▶ _Action item_: Below are entries to be transcribed exactly; exclude the pictures from the copy.

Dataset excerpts
★ ★ ★

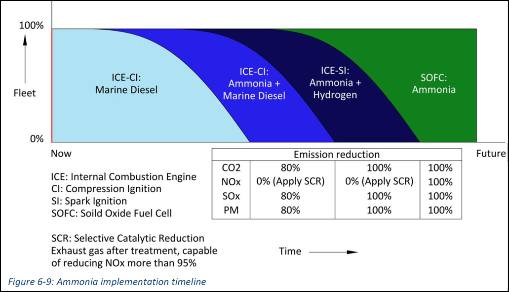 The thesis is notable throughout for its rigor and thoroughness. It devotes five chapters to a techno-economic assessment of potential low-carbon fuels and propulsion systems for the maritime sector. Addressing ammonia’s characteristics as a fuel, de Vries concludes that “Ammonia has a significant higher volumetric energy and has far more practical storage conditions, considering pressure and temperature compared to liquid hydrogen. Furthermore, ammonia requires clearly less energy for renewable synthetic production than the carbon carriers. These are the main reasons to further investigate the potential of ammonia as a marine fuel.”
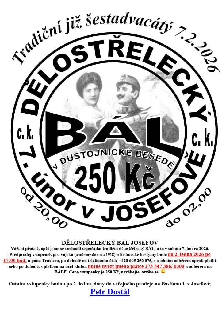 V sobotu 7. února 2026 se uskuteční tradiční dělostřelecký bál v Josefově. Předprodej vstupenek pro vojsko a historické kostýmy probíhá do 2. ledna 2026. Po tomto datu budou vstupenky dostupné veřejně na Bastionu I. v Josefově. Vstupenka pro vojsko a historické kostýmy je za cenu 250 Kč. Vyzýváme vás, abyste neváhali a zakoupili si vstupenku co nejdříve.
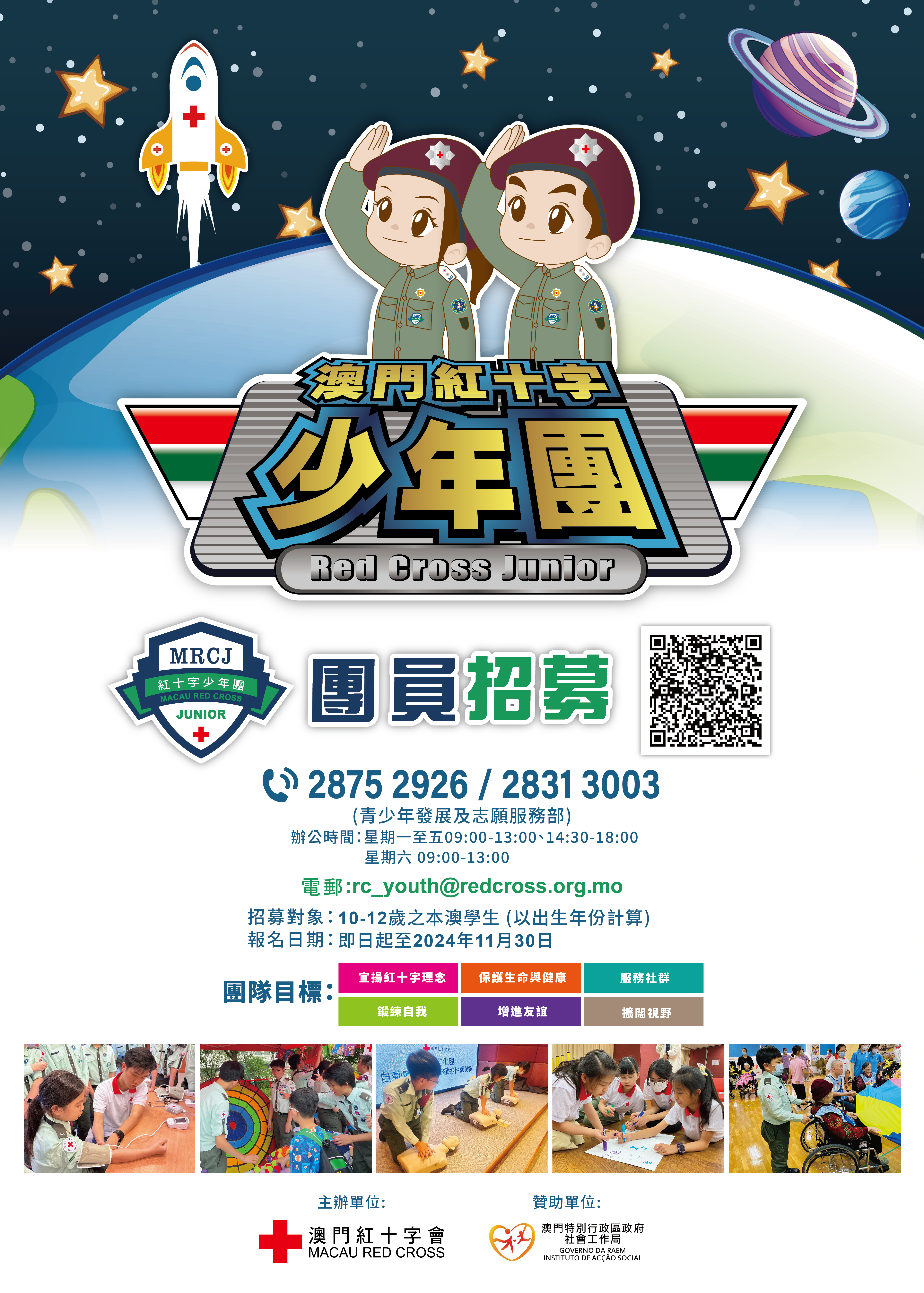 | 報名手續: | 即日起至11月30日前,瀏覽澳門紅十字會網頁www.redcross.org.mo,登入「少年團招募團員」報名連結,或宣傳海報QR CODE,填寫資料即可。 面試日期: 12月28及29日 面試地點: 澳門紅十字會總辦事處(新口岸宋玉生廣場255-263號中土大廈三樓) 辦公時間: 星期一至五09:00-13:00,14:30-18:00;星期六09:00-13:00 查詢:請於辦公時間致電2875 2926 / 2831 3003與青少年發展及志願服務部李小姐或楊先生聯繫 |
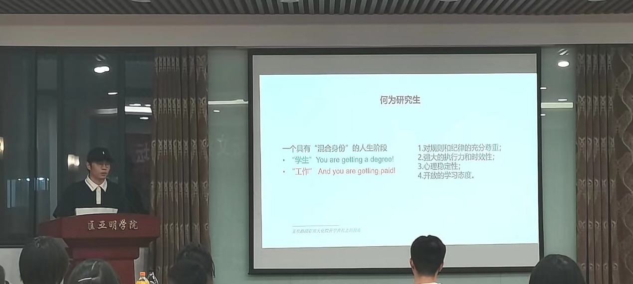 杨玉钦同学向2022级的各位研究生新同学表示热烈祝贺和欢迎。杨学长提到,研究生是一个具有“混合身份”的人生阶段,不仅需要面对学生的学习任务,同时还需要面对繁重的科研任务。因此他提供了一些建议,即对规则和纪律的充分尊重、具有坚强的执行力和时效性、心理的稳定性以及开放的学习态度。导师往往同时承担教学、科研、行政以及社会服务等义务,十分忙碌。对研究生来说,导师是最重要的学术资源,高效的沟通可以更加有效利用导师的时间和智慧。因此在与导师的沟通方面,学长给予了很多策略,比如在每次与导师沟通时需要先将自己课题的背景以及之前的进展简单总结给导师,以此达到高效沟通的目的。同时,学长还特别提醒,研究生阶段可能会面临压力大、焦虑等心理问题,大家可以利用组内、院内、校内等各种资源及时排解,确保心理健康的完成学业。
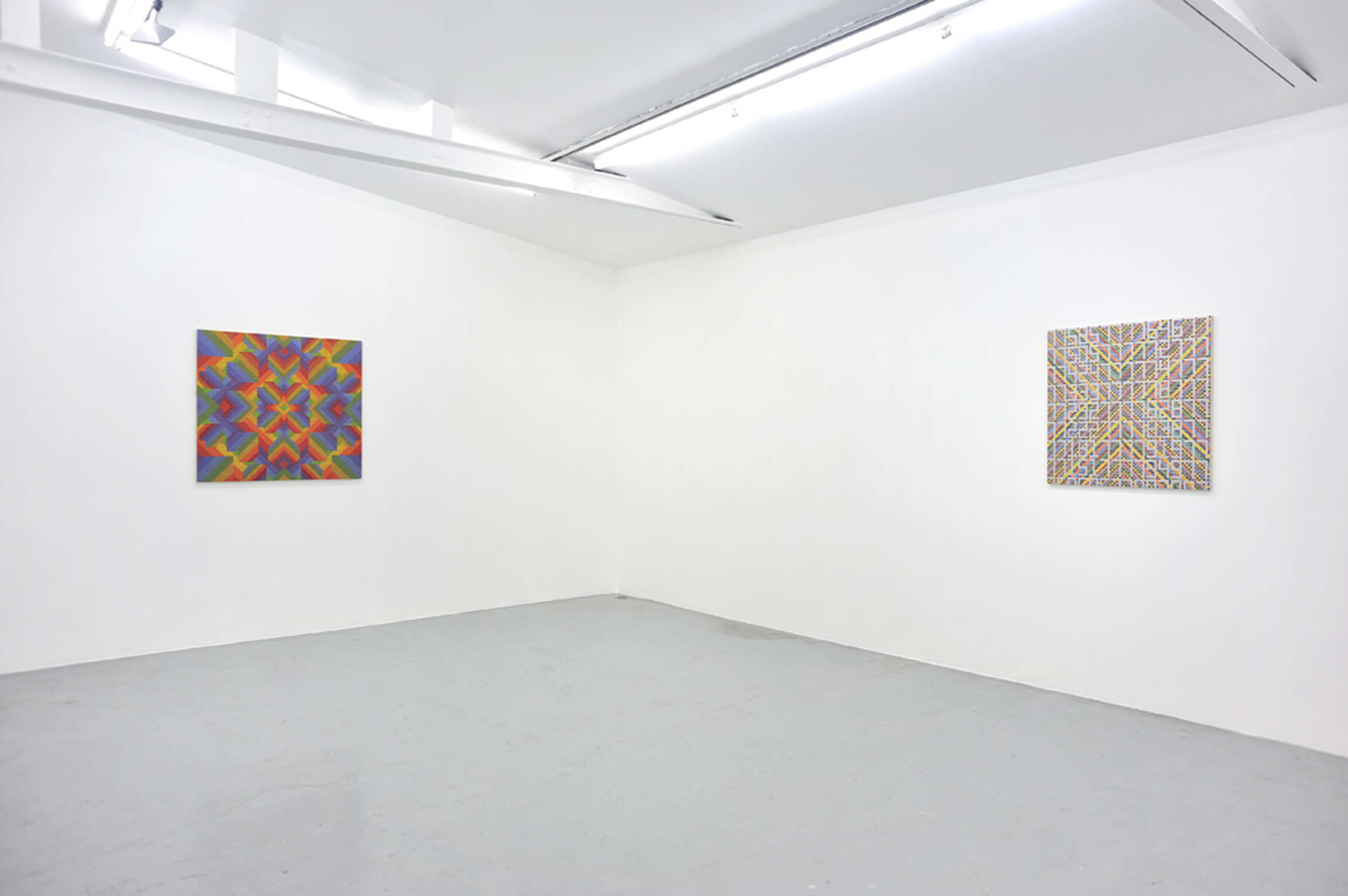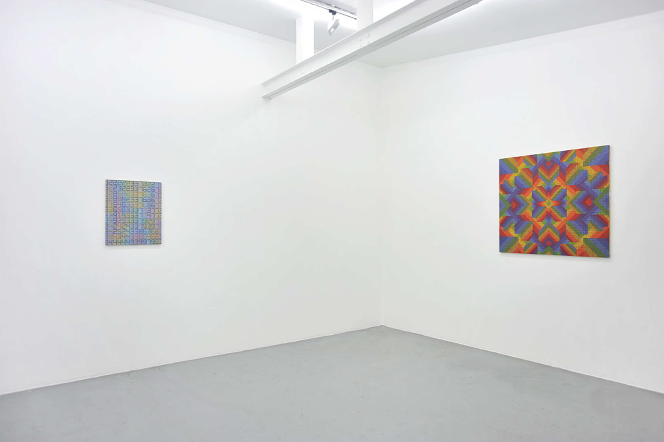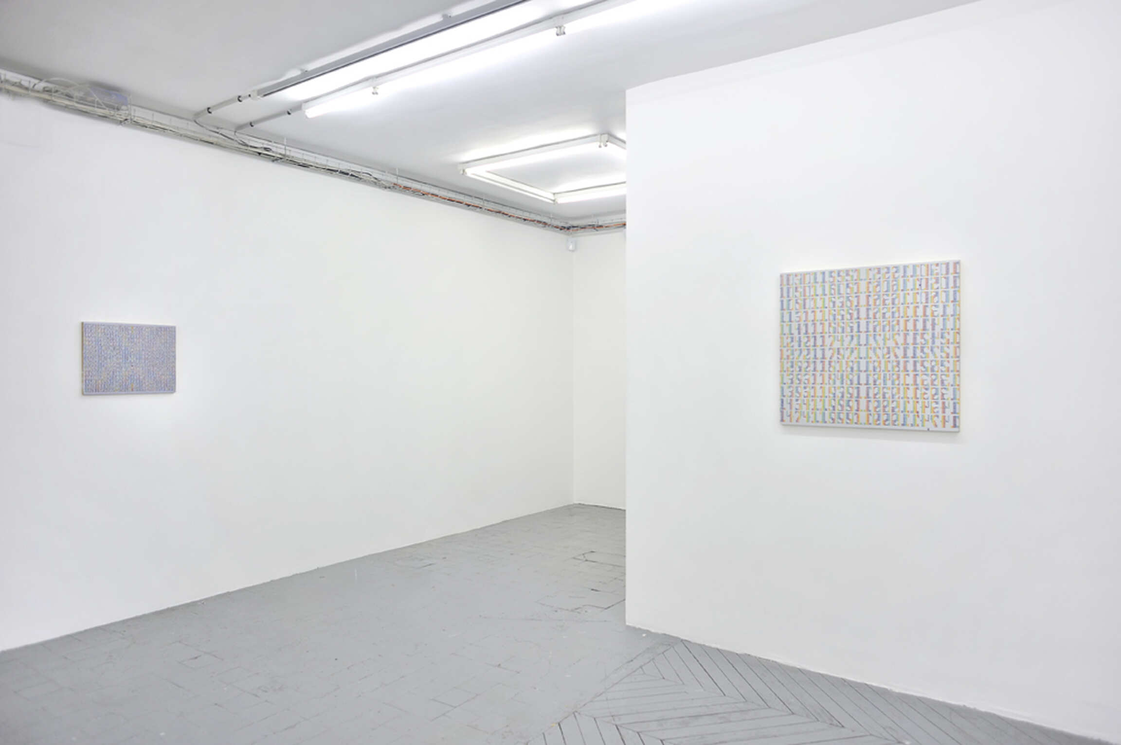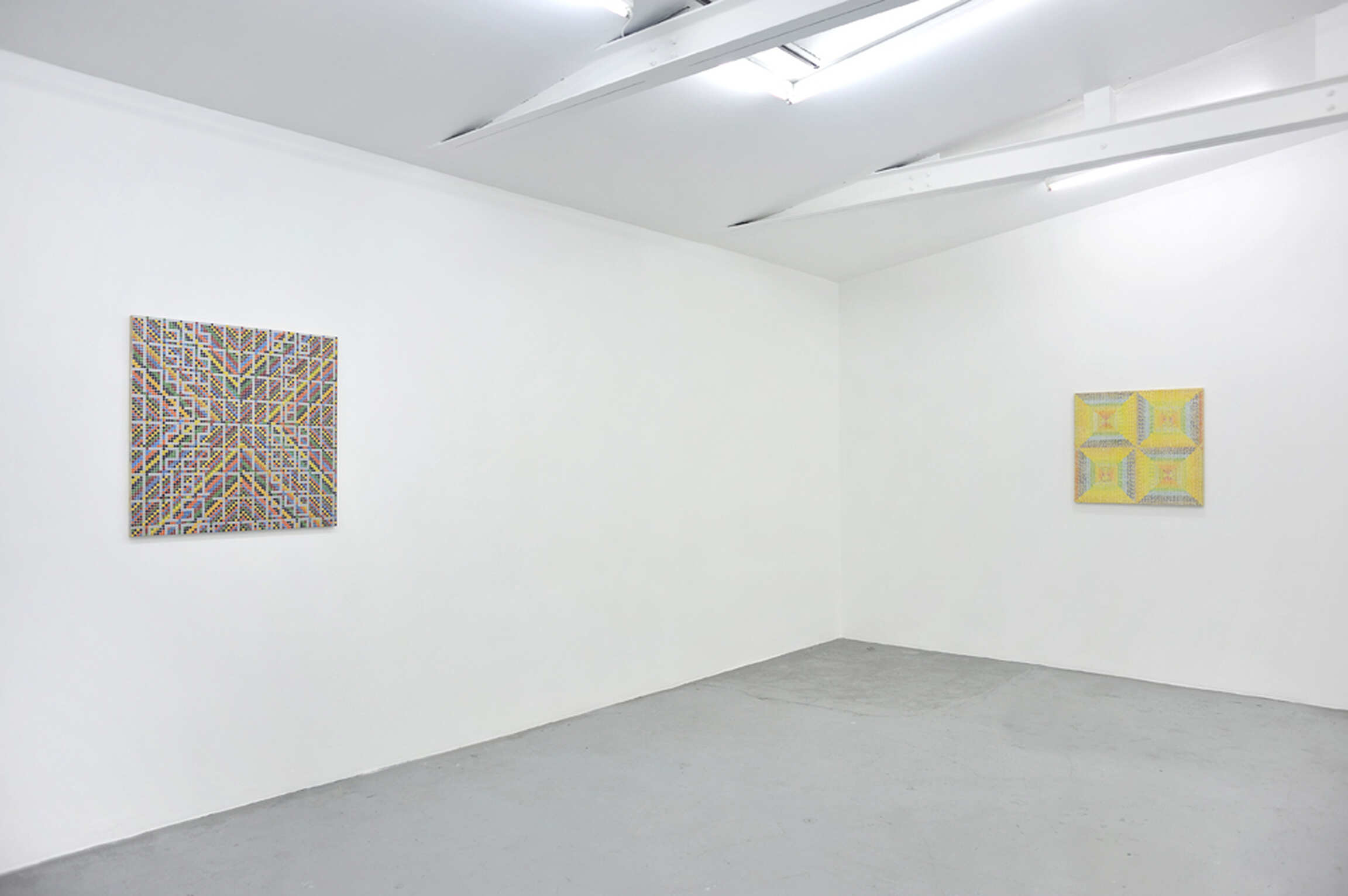 Almine rech Gallery is pleased to announce an exhibition by Massachusetts based painter Xylor Jane. Mathematics and the grid are at use by Ms. Jane to mark the passage of time in bold color and complicated rhythms. An overt investment in pattern drives the artist's paintings to a place where they fall from comprehension, and return to a visual tapestry of the absurd and sublime. Any notion that the idea creates the art is put to rest by the sheer madness of the machine. Unlike process artists like Sol Lewitt, the recipes at play in Ms Jane's work are for one cook only. The paintings remind one of the infinite project of Roman Opalka and the date works of On Kawara. The gridded paintings of Agnes Martin's softly patterned and colorfully hazy abstract vistas are also an apt comparison. The personal musings of the artist translate into veils of refined color stemming from a slightly manic preoccupation with measurement, symbolism and notation. For the viewer, wobbly and atmospheric patterns are both disconcerting and reassuring to gaze upon, because we are also part of Xylor Jane's vast vision of the world.

★ ★ ★

▶ _Result below_:
 The thesis is notable throughout for its rigor and thoroughness. It devotes five chapters to a techno-economic assessment of potential low-carbon fuels and propulsion systems for the maritime sector. Addressing ammonia’s characteristics as a fuel, de Vries concludes that “Ammonia has a significant higher volumetric energy and has far more practical storage conditions, considering pressure and temperature compared to liquid hydrogen. Furthermore, ammonia requires clearly less energy for renewable synthetic production than the carbon carriers. These are the main reasons to further investigate the potential of ammonia as a marine fuel.”
 V sobotu 7. února 2026 se uskuteční tradiční dělostřelecký bál v Josefově. Předprodej vstupenek pro vojsko a historické kostýmy probíhá do 2. ledna 2026. Po tomto datu budou vstupenky dostupné veřejně na Bastionu I. v Josefově. Vstupenka pro vojsko a historické kostýmy je za cenu 250 Kč. Vyzýváme vás, abyste neváhali a zakoupili si vstupenku co nejdříve.
 | 報名手續: | 即日起至11月30日前,瀏覽澳門紅十字會網頁www.redcross.org.mo,登入「少年團招募團員」報名連結,或宣傳海報QR CODE,填寫資料即可。 面試日期: 12月28及29日 面試地點: 澳門紅十字會總辦事處(新口岸宋玉生廣場255-263號中土大廈三樓) 辦公時間: 星期一至五09:00-13:00,14:30-18:00;星期六09:00-13:00 查詢:請於辦公時間致電2875 2926 / 2831 3003與青少年發展及志願服務部李小姐或楊先生聯繫 |
 杨玉钦同学向2022级的各位研究生新同学表示热烈祝贺和欢迎。杨学长提到,研究生是一个具有“混合身份”的人生阶段,不仅需要面对学生的学习任务,同时还需要面对繁重的科研任务。因此他提供了一些建议,即对规则和纪律的充分尊重、具有坚强的执行力和时效性、心理的稳定性以及开放的学习态度。导师往往同时承担教学、科研、行政以及社会服务等义务,十分忙碌。对研究生来说,导师是最重要的学术资源,高效的沟通可以更加有效利用导师的时间和智慧。因此在与导师的沟通方面,学长给予了很多策略,比如在每次与导师沟通时需要先将自己课题的背景以及之前的进展简单总结给导师,以此达到高效沟通的目的。同时,学长还特别提醒,研究生阶段可能会面临压力大、焦虑等心理问题,大家可以利用组内、院内、校内等各种资源及时排解,确保心理健康的完成学业。
 Almine rech Gallery is pleased to announce an exhibition by Massachusetts based painter Xylor Jane. Mathematics and the grid are at use by Ms. Jane to mark the passage of time in bold color and complicated rhythms. An overt investment in pattern drives the artist's paintings to a place where they fall from comprehension, and return to a visual tapestry of the absurd and sublime. Any notion that the idea creates the art is put to rest by the sheer madness of the machine. Unlike process artists like Sol Lewitt, the recipes at play in Ms Jane's work are for one cook only. The paintings remind one of the infinite project of Roman Opalka and the date works of On Kawara. The gridded paintings of Agnes Martin's softly patterned and colorfully hazy abstract vistas are also an apt comparison. The personal musings of the artist translate into veils of refined color stemming from a slightly manic preoccupation with measurement, symbolism and notation. For the viewer, wobbly and atmospheric patterns are both disconcerting and reassuring to gaze upon, because we are also part of Xylor Jane's vast vision of the world.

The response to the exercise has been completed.